Grande-Bretagne

Ce qu’il n’a pas dit

David Cameron met en garde contre une lente sortie de la Grande-Bretagne de l’UE

Créé le 18/01/2013 à 08h39 — Mis à jour le 18/01/2013 à 08h44

Dans un discours très attendu mais qu’il a dû reporter, le Premier ministre britannique alerte l’Europe sur le risque d’une «dérive» de son peuple «vers la sortie» de l’UE…

La Grande-Bretagne risque de sortir peu à peu de l’Union européenne dont le projet pourrait être voué (? à l’échec), estime David Cameron dans un discours qu’il avait prévu de prononcer ce vendredi à Amsterdam.

Cette allocution, attendue depuis longtemps, a été reportée à la dernière minute en raison de la crise des otages en Algérie. Les conseillers du Premier ministre britannique ont indiqué qu’une nouvelle date serait prochainement annoncée.

Le chef du gouvernement devait présenter dans cette déclaration ses projets en vue d’une négociation du rôle de son pays au sein de l’UE et promettre la tenue d’un référendum sur l’accord qui pourrait éventuellement être conclu.
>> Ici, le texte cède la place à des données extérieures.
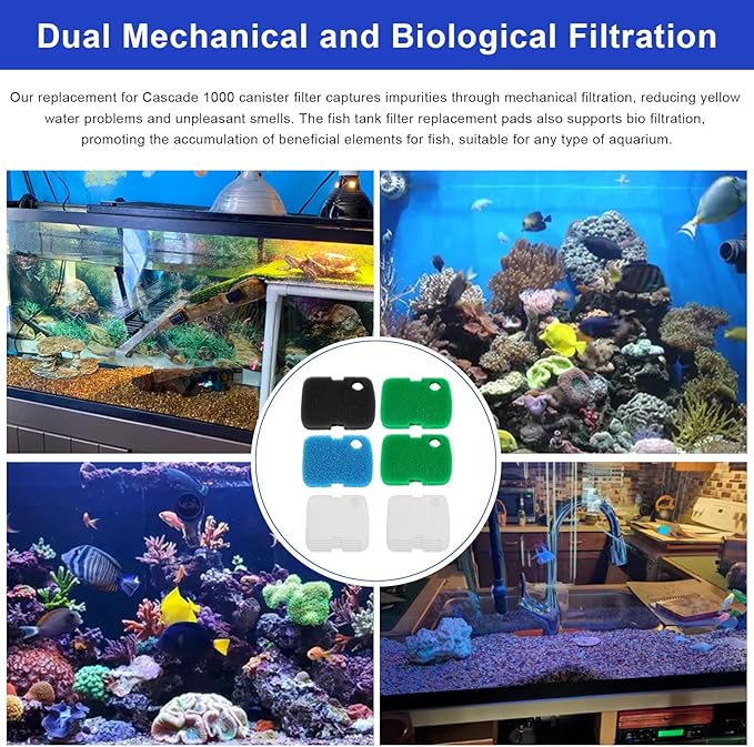 - 【Dual Mechanical and Biological Filtration】Our replacement for penn plax cascade canister filter 1000 captures impurities through mechanical filtration, reducing yellow water problems and unpleasant smells. These fish tank filter replacement pads also supports bio filtration, promoting the accumulation of beneficial elements for fish, suitable for any type of aquarium.

David Cameron prévoyait d’expliquer à ses partenaires que l’Union européenne est confrontée à trois défis majeurs qu’elle doit résoudre: la crise de la dette dans la zone euro, l’effondrement de la compétitivité et le déclin du soutien public, en particulier en Grande-Bretagne.

«Si nous ne répondons pas à ces défis, le danger est que l’Europe va échouer et que le peuple britannique va dériver vers la sortie», devait dire David Cameron, selon des extraits de son discours diffusés par ses services.

«Je ne souhaite pas que cela se produise. Je veux le succès de l’Union européenne et je veux une relation qui maintienne la Grande-Bretagne à l’intérieur de l’Union européenne».

Le Premier ministre devait également mettre l’accent sur la frustration grandissante provoquée par un fossé de plus en plus important entre l’EU et ses 500 millions d’habitants.

Les sévères mesures d’austérité imposées dans plusieurs Etats de l’Union ne font qu’aggraver le problème, selon lui. «Il existe une frustration croissante liée au fait que l’UE est perçue comme quelque chose qui est fait aux gens et non comme quelque chose qui agit pour eux. Et cela est renforcé par les solutions exigées pour résoudre les problèmes économiques», prévoyait-il de dire.

«Les gens éprouvent de plus en plus de frustration à l’idée qu’ils ont de moins en moins leur mot à dire sur les décisions prises, que leurs conditions de vie sont entamées par une austérité forcée et que leurs impôts sont employés pour sauver des gouvernements à l’autre bout du continent».

Pour Cameron, les bouleversements provoqués par la crise de l’euro offrent une occasion à la Grande-Bretagne de renégocier les termes de sa participation au bloc des 27. Ses alliés internationaux, des dirigeants économiques et ses adversaires politiques ont tous mis en garde contre la possibilité qu’un débat sur l’avenir de la Grande-Bretagne dans l’Europe conduise à un isolement de Londres et débouche sur une sortie de l’union après 40 ans de présence.

Malgré cette mise en garde, le chef du gouvernement britannique juge qu’il serait une erreur d’éviter un tel débat car, selon lui, les électeurs commencent à perdre patience sur le continent.

«Il y a un fossé entre l’UE et ses citoyens qui n’a cessé de croître de manière spectaculaire au cours des années récentes et qui marque un manque de responsabilité démocratique et qui est ressenti de manière très vive en Grande-Bretagne», juge-t-il.

Les enquêtes suggèrent que l’opinion publique britannique est de plus en plus critique à l’égard de Bruxelles depuis quelques années. Une minorité au sein du parti conservateur plaide en faveur d’un référendum pour déterminer le maintien ou la sortie de la Grande-Bretagne. Un autre groupe, représentant une tendance plus marquée, a publié mercredi une liste de domaines dans lesquels il souhaite que la Grande-Bretagne reprenne ses prérogatives à l’égard de l’UE. Soumis à des pressions de toutes parts, David Cameron s’engage sur un chemin politiquement tortueux avec cette question de l’Europe qui avait accéléré la chute de l’ancien Premier ministre Margaret Thatcher.